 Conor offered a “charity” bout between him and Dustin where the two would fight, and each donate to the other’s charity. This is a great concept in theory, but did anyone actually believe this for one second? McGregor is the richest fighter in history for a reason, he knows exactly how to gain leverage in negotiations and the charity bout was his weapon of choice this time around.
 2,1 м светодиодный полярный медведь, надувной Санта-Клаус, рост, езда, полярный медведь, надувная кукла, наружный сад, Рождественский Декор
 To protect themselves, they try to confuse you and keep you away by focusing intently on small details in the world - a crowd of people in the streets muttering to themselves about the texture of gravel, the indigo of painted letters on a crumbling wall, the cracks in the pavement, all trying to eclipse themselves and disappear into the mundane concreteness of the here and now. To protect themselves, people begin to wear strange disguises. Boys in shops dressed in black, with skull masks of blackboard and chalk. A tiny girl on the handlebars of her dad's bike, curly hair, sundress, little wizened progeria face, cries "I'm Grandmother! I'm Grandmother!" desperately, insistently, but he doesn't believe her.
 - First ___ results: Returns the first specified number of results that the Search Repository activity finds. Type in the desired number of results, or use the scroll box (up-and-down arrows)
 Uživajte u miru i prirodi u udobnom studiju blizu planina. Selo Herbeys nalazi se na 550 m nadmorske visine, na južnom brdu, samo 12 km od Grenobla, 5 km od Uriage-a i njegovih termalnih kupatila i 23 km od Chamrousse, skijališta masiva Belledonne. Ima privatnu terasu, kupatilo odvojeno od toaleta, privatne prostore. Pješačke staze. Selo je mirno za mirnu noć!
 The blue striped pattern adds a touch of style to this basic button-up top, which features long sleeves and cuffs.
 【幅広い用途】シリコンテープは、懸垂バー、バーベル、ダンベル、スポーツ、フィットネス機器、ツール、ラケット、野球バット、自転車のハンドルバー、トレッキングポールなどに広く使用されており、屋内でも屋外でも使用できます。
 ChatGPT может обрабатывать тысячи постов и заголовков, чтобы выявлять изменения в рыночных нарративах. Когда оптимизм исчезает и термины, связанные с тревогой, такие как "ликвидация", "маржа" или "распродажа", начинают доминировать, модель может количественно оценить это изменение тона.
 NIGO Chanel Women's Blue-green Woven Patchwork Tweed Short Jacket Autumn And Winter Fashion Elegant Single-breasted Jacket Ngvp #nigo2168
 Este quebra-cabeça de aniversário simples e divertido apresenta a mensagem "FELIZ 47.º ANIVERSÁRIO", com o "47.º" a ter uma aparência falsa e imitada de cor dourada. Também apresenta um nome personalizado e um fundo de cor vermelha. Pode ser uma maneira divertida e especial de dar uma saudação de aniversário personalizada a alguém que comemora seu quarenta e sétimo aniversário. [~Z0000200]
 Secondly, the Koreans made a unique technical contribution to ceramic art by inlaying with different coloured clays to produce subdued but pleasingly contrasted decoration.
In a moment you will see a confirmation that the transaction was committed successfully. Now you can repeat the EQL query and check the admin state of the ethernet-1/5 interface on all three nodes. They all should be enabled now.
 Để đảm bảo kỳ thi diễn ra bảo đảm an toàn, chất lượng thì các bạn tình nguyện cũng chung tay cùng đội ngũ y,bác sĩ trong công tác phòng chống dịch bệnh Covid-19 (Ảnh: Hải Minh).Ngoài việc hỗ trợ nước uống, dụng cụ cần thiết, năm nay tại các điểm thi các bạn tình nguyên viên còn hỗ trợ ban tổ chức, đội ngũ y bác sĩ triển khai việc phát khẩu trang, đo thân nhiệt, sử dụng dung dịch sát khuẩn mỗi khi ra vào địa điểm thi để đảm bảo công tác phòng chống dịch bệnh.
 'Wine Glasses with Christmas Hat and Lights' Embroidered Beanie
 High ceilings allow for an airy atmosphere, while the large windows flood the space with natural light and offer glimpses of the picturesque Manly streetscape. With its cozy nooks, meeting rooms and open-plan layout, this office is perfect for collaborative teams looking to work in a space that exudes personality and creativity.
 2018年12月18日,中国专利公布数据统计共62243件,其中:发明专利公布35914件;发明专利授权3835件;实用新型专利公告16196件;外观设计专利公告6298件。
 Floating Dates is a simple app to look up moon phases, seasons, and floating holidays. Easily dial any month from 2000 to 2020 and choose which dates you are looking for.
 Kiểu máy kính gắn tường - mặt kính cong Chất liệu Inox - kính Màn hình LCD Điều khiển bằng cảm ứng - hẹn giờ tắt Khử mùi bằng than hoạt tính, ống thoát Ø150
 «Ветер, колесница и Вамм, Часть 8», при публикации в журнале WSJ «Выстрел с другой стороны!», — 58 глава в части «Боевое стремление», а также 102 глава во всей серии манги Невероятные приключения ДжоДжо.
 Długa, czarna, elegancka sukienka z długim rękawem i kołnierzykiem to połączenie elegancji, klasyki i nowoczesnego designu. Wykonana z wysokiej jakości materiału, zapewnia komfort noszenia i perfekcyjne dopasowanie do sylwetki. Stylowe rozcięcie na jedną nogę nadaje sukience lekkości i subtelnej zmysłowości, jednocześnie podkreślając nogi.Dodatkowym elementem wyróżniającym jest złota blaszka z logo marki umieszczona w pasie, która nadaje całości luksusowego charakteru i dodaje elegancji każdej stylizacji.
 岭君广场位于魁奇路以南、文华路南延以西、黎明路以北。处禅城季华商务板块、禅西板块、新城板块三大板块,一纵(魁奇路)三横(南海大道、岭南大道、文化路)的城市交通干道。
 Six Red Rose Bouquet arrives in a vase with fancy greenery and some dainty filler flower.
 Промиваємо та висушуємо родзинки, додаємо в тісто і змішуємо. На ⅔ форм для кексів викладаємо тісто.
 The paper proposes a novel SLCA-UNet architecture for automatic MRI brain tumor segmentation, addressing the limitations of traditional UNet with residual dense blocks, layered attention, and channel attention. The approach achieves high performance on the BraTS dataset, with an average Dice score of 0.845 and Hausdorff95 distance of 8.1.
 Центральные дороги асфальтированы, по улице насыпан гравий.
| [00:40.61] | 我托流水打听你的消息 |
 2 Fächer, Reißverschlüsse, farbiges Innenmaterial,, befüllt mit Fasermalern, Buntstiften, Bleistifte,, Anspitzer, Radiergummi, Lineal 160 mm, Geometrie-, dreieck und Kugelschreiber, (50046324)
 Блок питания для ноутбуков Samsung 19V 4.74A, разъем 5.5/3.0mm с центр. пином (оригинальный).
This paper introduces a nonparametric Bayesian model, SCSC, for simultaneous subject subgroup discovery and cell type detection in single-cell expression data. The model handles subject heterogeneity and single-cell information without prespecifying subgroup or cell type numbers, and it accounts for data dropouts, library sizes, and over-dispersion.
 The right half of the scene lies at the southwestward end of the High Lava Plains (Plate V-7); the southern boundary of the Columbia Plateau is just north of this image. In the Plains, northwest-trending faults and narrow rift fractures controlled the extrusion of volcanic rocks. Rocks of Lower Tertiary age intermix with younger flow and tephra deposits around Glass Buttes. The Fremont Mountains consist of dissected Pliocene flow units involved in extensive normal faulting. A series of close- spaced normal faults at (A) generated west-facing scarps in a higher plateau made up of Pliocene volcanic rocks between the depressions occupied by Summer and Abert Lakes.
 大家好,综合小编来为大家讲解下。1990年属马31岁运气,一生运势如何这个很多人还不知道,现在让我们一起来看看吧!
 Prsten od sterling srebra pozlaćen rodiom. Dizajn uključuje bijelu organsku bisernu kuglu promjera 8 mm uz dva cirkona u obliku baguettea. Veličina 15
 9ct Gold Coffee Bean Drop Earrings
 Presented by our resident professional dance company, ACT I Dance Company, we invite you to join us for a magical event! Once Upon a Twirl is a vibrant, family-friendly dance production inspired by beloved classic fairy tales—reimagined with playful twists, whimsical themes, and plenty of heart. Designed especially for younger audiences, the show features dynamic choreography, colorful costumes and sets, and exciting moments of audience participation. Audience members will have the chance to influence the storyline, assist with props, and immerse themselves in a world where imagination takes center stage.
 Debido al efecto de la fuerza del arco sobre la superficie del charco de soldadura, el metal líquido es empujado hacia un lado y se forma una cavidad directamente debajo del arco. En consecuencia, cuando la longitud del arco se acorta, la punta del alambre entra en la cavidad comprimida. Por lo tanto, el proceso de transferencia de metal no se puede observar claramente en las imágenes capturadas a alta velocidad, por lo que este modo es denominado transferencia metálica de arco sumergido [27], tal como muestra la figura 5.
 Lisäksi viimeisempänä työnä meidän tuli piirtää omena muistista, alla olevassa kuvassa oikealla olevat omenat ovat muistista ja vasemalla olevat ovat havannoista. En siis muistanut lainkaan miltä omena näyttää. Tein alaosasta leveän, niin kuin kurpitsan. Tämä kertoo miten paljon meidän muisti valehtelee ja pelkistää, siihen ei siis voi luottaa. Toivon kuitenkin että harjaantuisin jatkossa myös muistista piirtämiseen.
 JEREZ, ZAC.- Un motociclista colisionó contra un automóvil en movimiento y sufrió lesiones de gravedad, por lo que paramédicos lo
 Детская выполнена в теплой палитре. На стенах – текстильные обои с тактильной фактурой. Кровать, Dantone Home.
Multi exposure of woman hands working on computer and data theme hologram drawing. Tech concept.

==*==

* [Directions for this task]: Only lines containing the word "which" should appear in the answer, and every such line from the records above must be there.

* [Solution]:
 The blue striped pattern adds a touch of style to this basic button-up top, which features long sleeves and cuffs.
 Floating Dates is a simple app to look up moon phases, seasons, and floating holidays. Easily dial any month from 2000 to 2020 and choose which dates you are looking for.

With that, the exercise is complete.